Tout me branchait plus que deux heures de perme.

Il me prit par la main et m’entraina « chez Audette », un petit café au coin de la rue. Il commanda un café, grand adulte qu’il était, et moi un chocolat chaud.

- Le père et sa fille, ironisais-je lorsque nous reçûmes nos boissons.

- Je préfère toujours ça au milkshake banane framboise.

- Arrête, on ne critique pas le milkshake banane framboise.

- Je ne le critique pas, je constate seulement sa défaillance gustative.
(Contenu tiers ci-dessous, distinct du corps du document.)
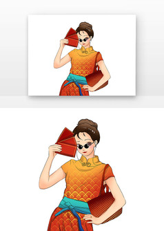 原创元素福娃小孩在新年戴着虎头帽小元素
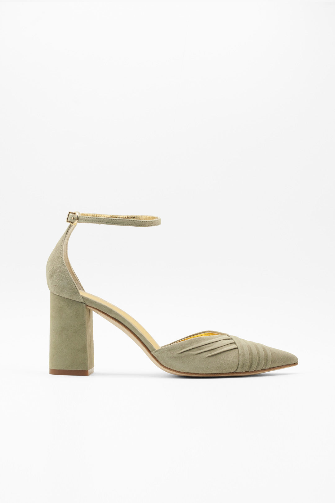 Zapato cerrado en punta en ante en color nilo, un verde sereno y sofisticado que aporta frescura y elegancia.
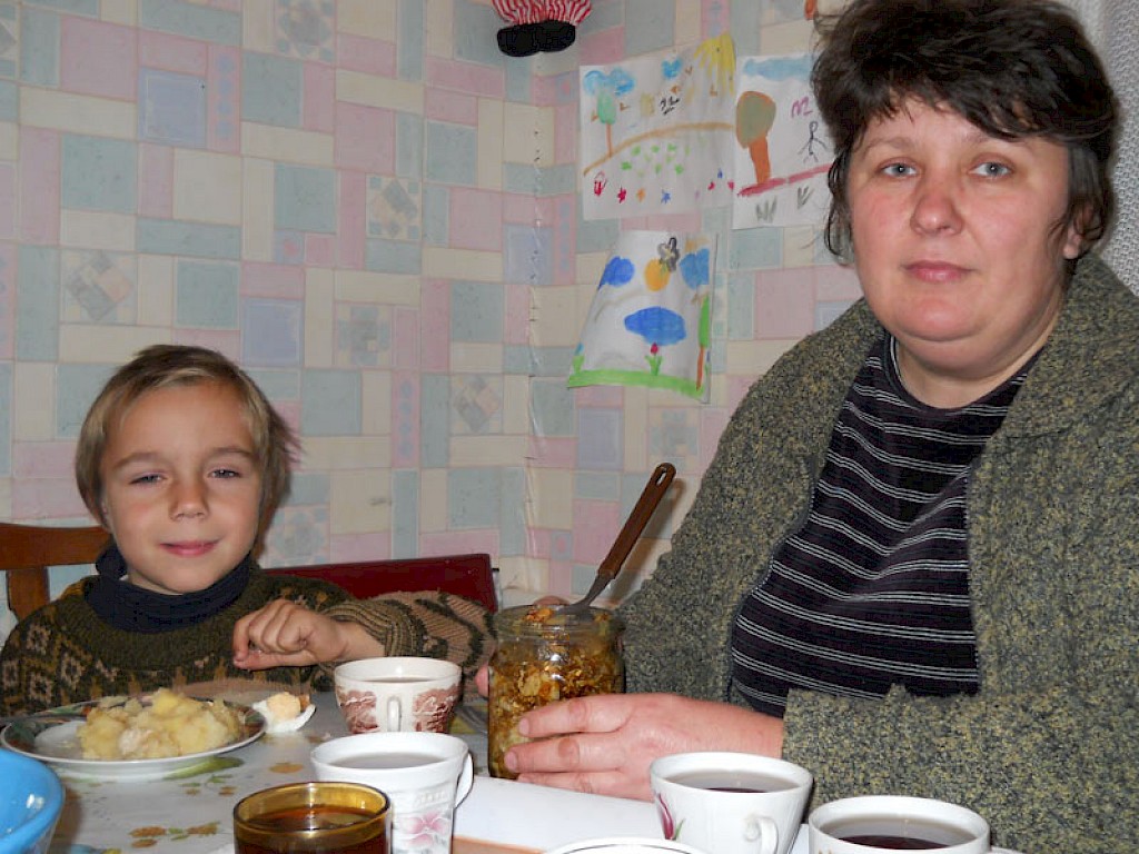 Auch in unserem „Zufluchtsort“ in Odarjewka ist heißer Tee das Lieblingsgetränk der Kinder. Nach dem Mittagessen, das unsere Köchin, Wera Kolomoetz, mit viel Liebe zubereitet hat, wird Tee serviert.

- Et moi je constate ton absence de capacité à apprécier les bonnes choses.

Il sourit.

- Tu n’as pas tort, c’est sûrement pour cela que je suis avec toi.

Aïe.

Je lui aurais bien envoyé le reste de mon chocolat à la figure, mais j’étais déjà en retard pour un cours idiot qu’on appelait initiation à la philosophie. Je rejoignis Octavia dans une petite salle qui rassemblait des élèves de toutes les premières du lycée. Pas le meilleur mélange, soit dit en passant.

Le professeur s’appelait monsieur Dumatin, un nom amusant comme il s’en faisait beaucoup dans cet établissement. Il était gentil, trop gentil, et manquait cruellement de charisme. Un point sur lequel Octavia et lui se comprenaient, et qui lui portait souvent préjudice. Ce jour-là en particulier. Alors que des avions volaient dans la salle, il parlait toujours de son calme olympien, faisant mine de ne rien remarquer. Puis l’un d’entre eux heurta la craie qu’il tenait dans la main. Sans plus d’agitation, il se retourna, puis déclara le plus sérieusement du monde :

- Vous, tous, allez au diable.

Et il poursuivit son cours jusqu’à la sonnerie.